■ GOAL OF THE EXERCISE ■
Output exactly, in the material below, the lines from the one with "The War of the" through the one with "Felirat: „REVOLUTION –". Omit all pictures.

■ SUPPLIED RECORDS ■
-------

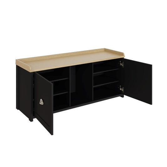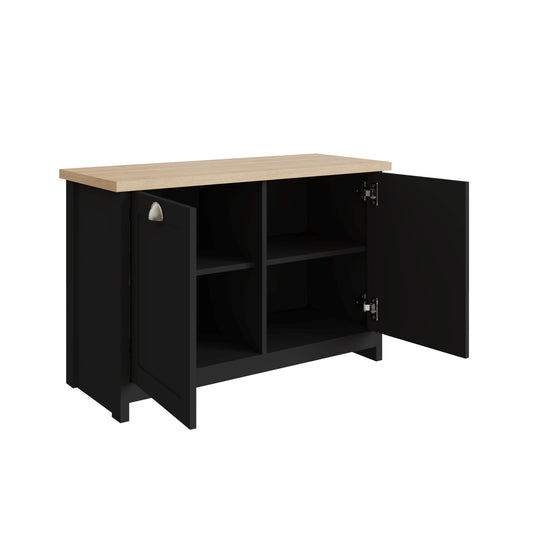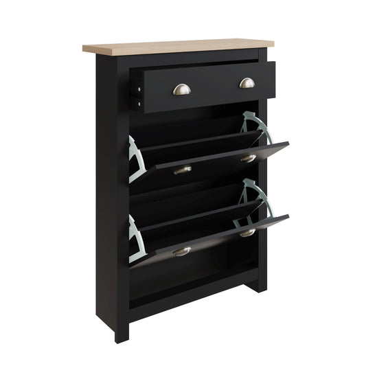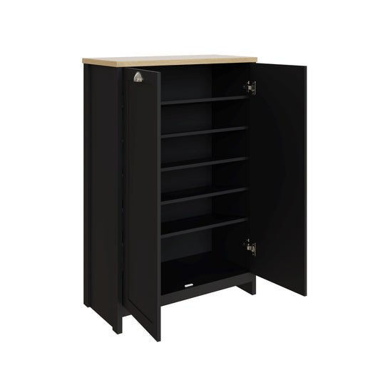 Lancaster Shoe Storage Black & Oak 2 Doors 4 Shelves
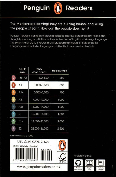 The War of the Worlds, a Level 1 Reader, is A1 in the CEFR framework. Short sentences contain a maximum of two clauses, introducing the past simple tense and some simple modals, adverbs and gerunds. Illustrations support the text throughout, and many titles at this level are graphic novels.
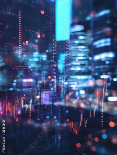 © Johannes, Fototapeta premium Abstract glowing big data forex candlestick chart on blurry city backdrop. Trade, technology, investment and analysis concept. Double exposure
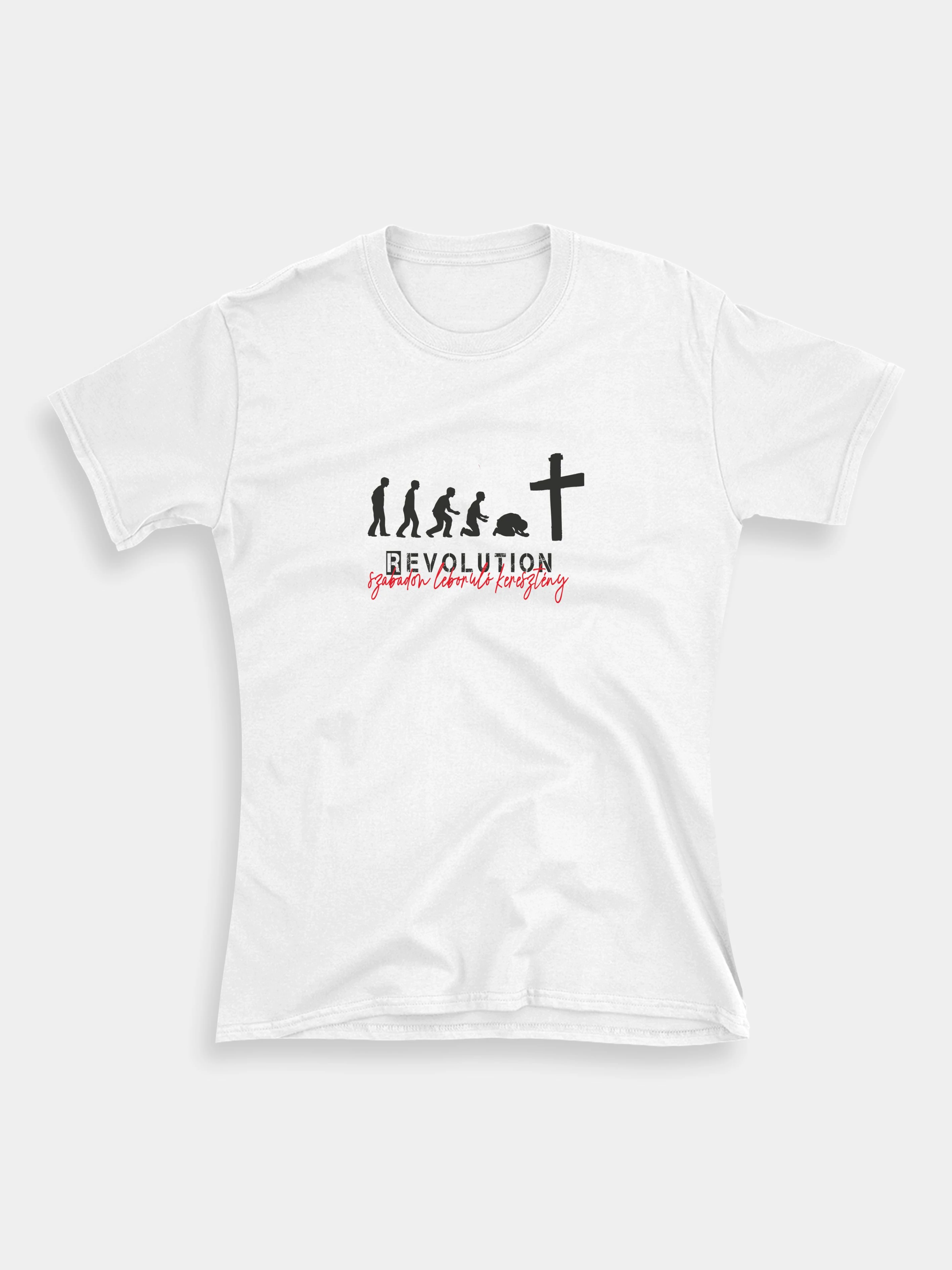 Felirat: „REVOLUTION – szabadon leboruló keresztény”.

-------

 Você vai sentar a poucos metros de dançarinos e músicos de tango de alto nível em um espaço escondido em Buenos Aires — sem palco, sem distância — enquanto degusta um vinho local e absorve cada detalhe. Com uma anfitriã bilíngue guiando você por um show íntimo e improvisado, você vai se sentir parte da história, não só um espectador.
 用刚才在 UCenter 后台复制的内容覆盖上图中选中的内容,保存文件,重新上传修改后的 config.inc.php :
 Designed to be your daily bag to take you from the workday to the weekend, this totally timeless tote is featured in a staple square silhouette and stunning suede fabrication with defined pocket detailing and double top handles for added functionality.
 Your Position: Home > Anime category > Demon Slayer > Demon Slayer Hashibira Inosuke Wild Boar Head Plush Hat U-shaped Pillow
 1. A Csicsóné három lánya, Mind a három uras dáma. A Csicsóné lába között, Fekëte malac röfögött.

-------

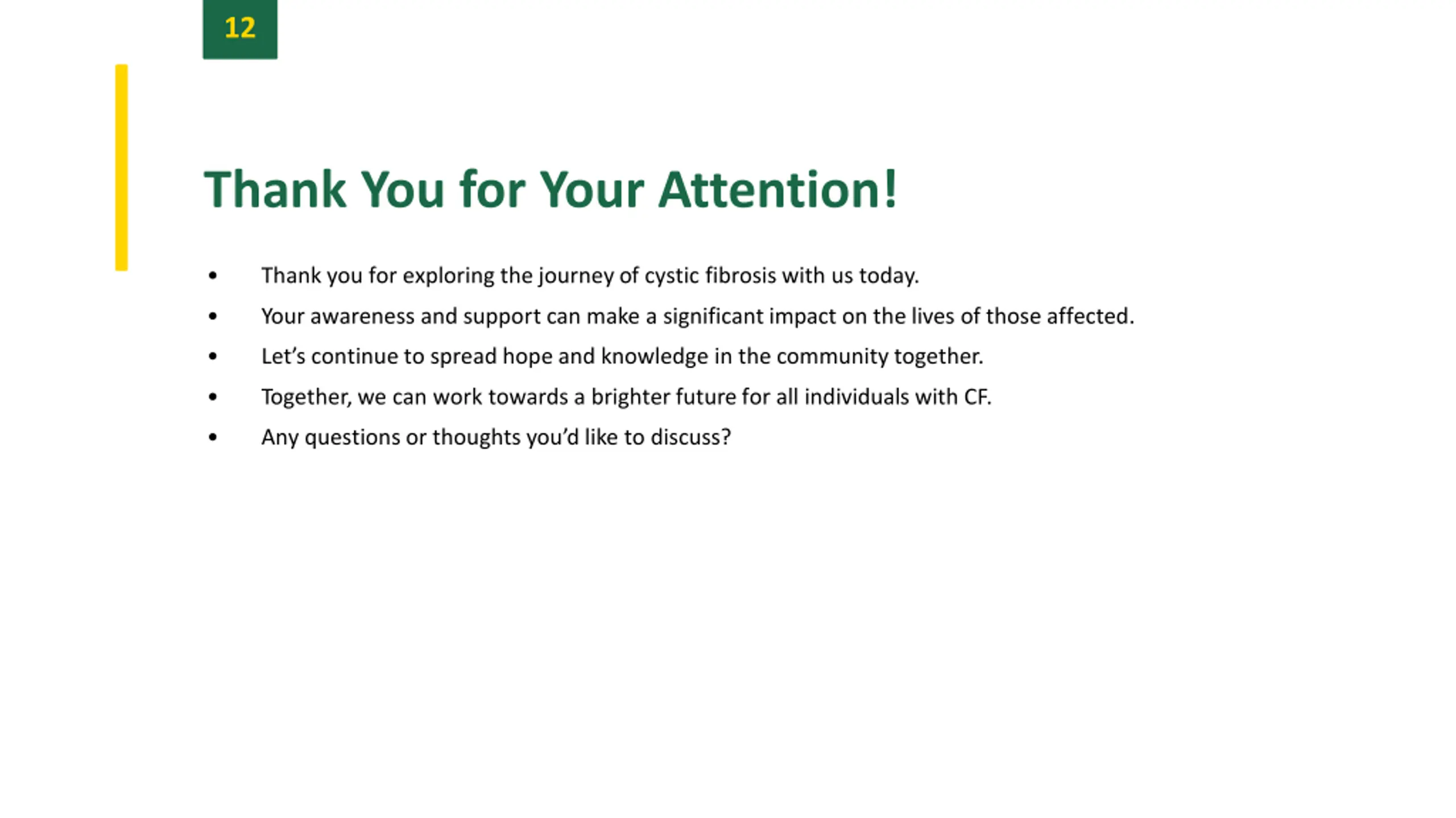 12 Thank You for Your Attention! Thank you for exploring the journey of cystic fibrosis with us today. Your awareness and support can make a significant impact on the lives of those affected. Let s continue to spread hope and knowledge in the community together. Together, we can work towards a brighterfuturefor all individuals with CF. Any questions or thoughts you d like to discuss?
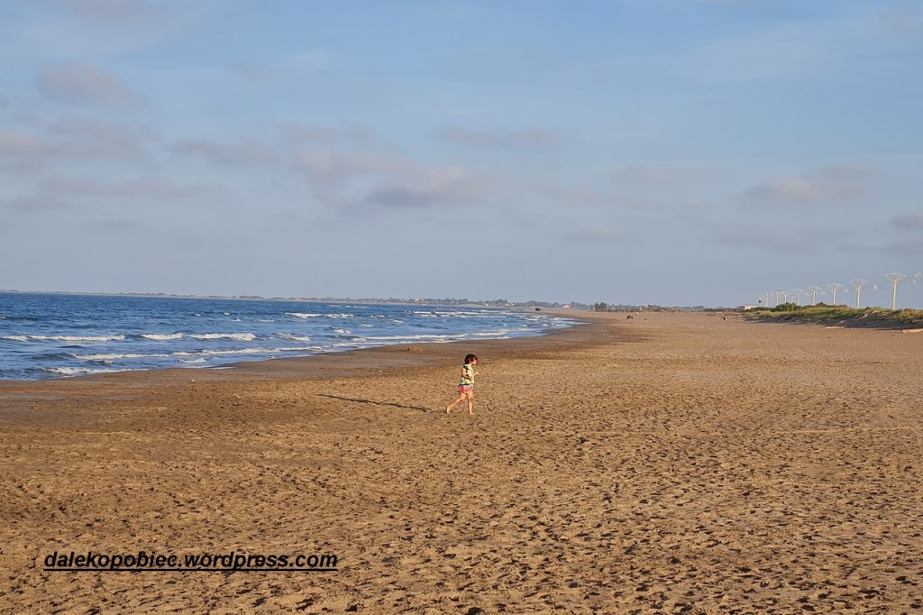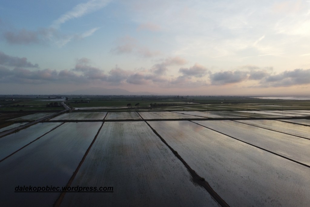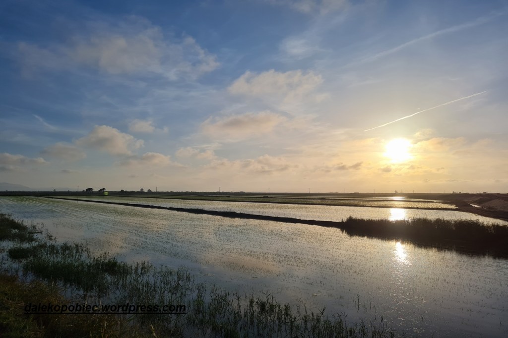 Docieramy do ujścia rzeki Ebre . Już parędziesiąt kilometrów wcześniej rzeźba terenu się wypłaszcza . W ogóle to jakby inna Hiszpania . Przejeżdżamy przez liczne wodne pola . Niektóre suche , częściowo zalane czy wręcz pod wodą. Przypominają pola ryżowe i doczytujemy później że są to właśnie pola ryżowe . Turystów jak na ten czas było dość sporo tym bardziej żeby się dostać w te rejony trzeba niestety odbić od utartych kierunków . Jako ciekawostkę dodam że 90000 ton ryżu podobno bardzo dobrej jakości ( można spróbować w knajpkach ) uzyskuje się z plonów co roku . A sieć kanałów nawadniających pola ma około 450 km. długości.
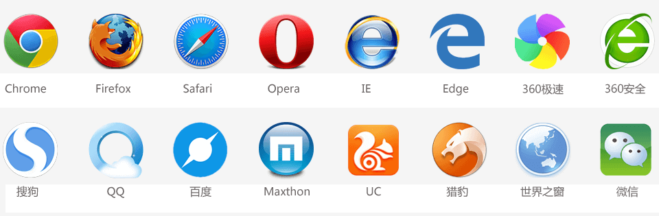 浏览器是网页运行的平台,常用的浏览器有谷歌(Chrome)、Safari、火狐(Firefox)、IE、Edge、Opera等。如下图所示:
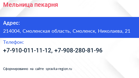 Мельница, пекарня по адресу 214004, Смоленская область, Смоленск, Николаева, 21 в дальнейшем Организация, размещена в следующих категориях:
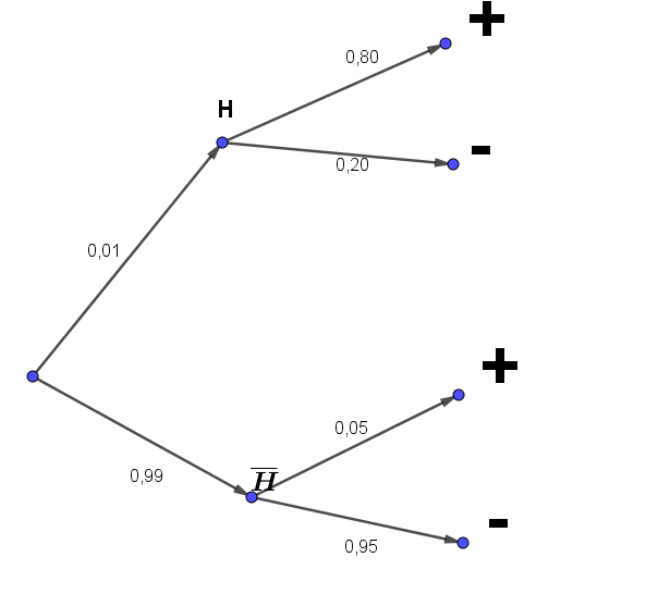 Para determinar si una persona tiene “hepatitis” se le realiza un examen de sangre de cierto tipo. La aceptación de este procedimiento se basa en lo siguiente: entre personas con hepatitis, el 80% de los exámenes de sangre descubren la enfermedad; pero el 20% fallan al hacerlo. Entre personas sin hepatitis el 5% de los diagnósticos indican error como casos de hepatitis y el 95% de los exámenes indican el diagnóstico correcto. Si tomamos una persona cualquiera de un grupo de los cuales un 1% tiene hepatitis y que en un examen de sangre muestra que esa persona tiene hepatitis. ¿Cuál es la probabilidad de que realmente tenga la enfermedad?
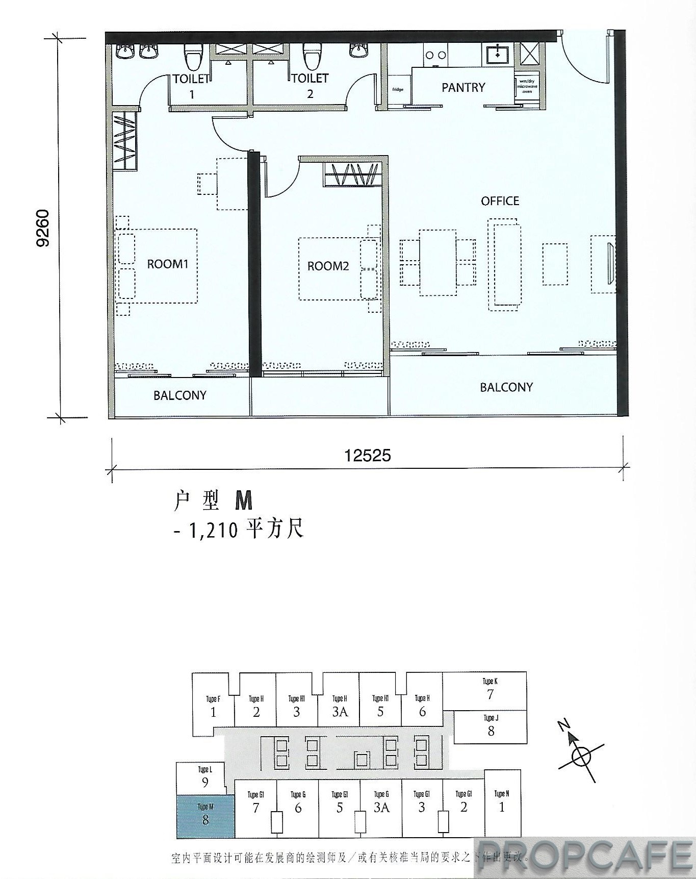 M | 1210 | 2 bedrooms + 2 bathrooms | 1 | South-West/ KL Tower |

-------

■ PROBLEM SOLUTION ■
 The War of the Worlds, a Level 1 Reader, is A1 in the CEFR framework. Short sentences contain a maximum of two clauses, introducing the past simple tense and some simple modals, adverbs and gerunds. Illustrations support the text throughout, and many titles at this level are graphic novels.
 © Johannes, Fototapeta premium Abstract glowing big data forex candlestick chart on blurry city backdrop. Trade, technology, investment and analysis concept. Double exposure
 Felirat: „REVOLUTION – szabadon leboruló keresztény”.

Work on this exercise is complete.